Can the Cloud Improve Data Analytics?
Risa Savold, Technical Director, Public Sector at Infor, presented “Can the Cloud Improve Data Analytics?” during the NDTA-USTRANSCOM Fall Meeting on October 7, 2019, in St. Louis, Missouri.
Data is a strategic asset. Software applications may change over time, but even when that occurs, it is imperative to maintain control of your data. While the cloud can help enable that control, you must be thoughtful in how to use the cloud.
Utilizing the cloud to store data starts with understanding data’s unique characteristics, which will allow you to recognize the challenges and advantages it presents. There are ten common attributes of data that begin with the letter V: Volume, velocity, variety, variability, veracity, validity, vulnerability, volatility, visualization, and value.
The sheer volume of data and the velocity in which it is accumulating are major challenges to managing data. This challenge is compounded by the third V—variety. Variety describes the fact that data is produced, collected, and stored in many different types and formats, including structured and unstructured data.
There is a significant demand for storing data. Companies know there is value in their data but may not always know what that value is or what data will provide that value, so they opt to save all data in vast “data lakes.” Storing data this way necessitates scalable technology to store the data, as well as to transport the data at very high speeds.

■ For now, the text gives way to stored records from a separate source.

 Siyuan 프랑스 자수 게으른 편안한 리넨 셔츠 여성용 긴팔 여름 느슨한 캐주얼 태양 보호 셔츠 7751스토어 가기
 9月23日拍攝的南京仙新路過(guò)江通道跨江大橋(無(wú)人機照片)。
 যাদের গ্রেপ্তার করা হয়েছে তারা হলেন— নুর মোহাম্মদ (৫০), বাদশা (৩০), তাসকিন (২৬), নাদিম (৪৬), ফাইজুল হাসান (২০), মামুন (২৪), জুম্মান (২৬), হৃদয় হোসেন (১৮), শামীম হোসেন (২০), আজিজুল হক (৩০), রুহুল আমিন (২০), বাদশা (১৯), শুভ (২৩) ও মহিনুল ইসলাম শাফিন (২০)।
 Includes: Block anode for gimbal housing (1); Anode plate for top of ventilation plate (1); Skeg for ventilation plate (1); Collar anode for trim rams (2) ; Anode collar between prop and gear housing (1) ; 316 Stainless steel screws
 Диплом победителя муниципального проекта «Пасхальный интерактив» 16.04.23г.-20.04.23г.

“We already talked about having a ton of bytes that are adding up really quickly in lots of different data types and formats,” said Ms. Savold summarizing the first three Vs. “Unfortunately, that means you’re going to have a lot of inconsistencies [variability]. That means you’re going to have less confidence and less trust [veracity]. We’re certainly always worried about whether that data is even accurate [validity]. Is it worth our time to analyze the security of that data [vulnerability]?”

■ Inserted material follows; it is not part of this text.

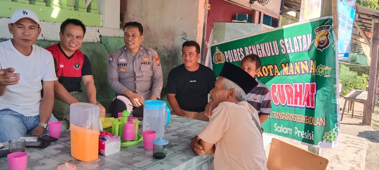 Bengkulu Selatan – Polsek Kota Manna Polres Bengkulu Selatan Polda Bengkulu melakukan banyak cara lebih mengetahui Kehendak dan Hajat masyarakat kepada polisi, seperti yang dilakukan Kanit Binmas dan Bhabinkamtibmas Polsek Kota Manna ternyata berfungsi, faktanya dengan Jumat Curhat tersebut, hubungan baik antara Insan Polri dengan masyarakat di wilayah Hukum Polsek Kota Manna Polres Bengkulu Selatan tersebut selama ini terjalin sangat baik, seperti saat dilaksanakan Jumat Curhat, di Kelurahan Pasar Baru Kecamatan Kota Manna Kabupaten Bengkulu Selatan, Jumat (26/07/24).
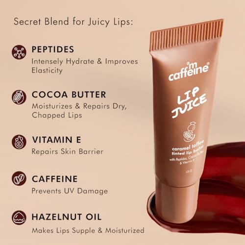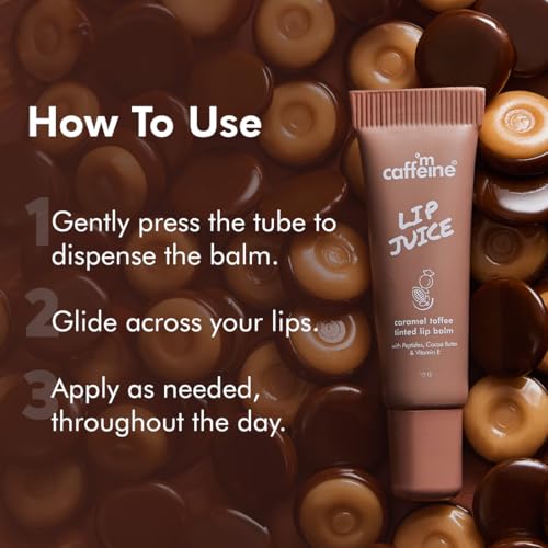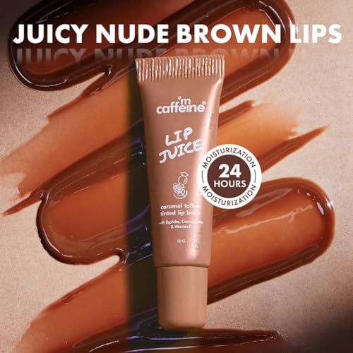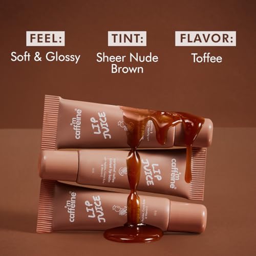 mCaffeine Lip Juice Tinted Lip Balm - Caramel Toffee | 24 hrs Moisturization | With Peptides Cocoa Butter & Vitamin E | Heals Dry & Chapped Lips | Lip Balm For Women | Sheer Brown Tint - 10g

Volatility is a different aspect of accuracy that describes the timeliness of the information. Visualization is important in helping people comprehend the data is different. The final V, value, may be most important as it looks at whether the information is relevant to your mission.
Understanding the value first will help with other challenges of data management, “asking your business-driven questions, rather than data-driven questions, that’s going to help you reduce the volume of data that you have to worry about. From there, that’s going to reduce the amount of the variety and the variability in the data [and] you will have fewer inconsistencies to worry about. And so that will help you develop requirements, get that high-value process data requirements right first. And then you can go out to a lot of your subject matter experts, your stakeholders, and get the next level of requirements for what is the raw data that you actually need to collect.”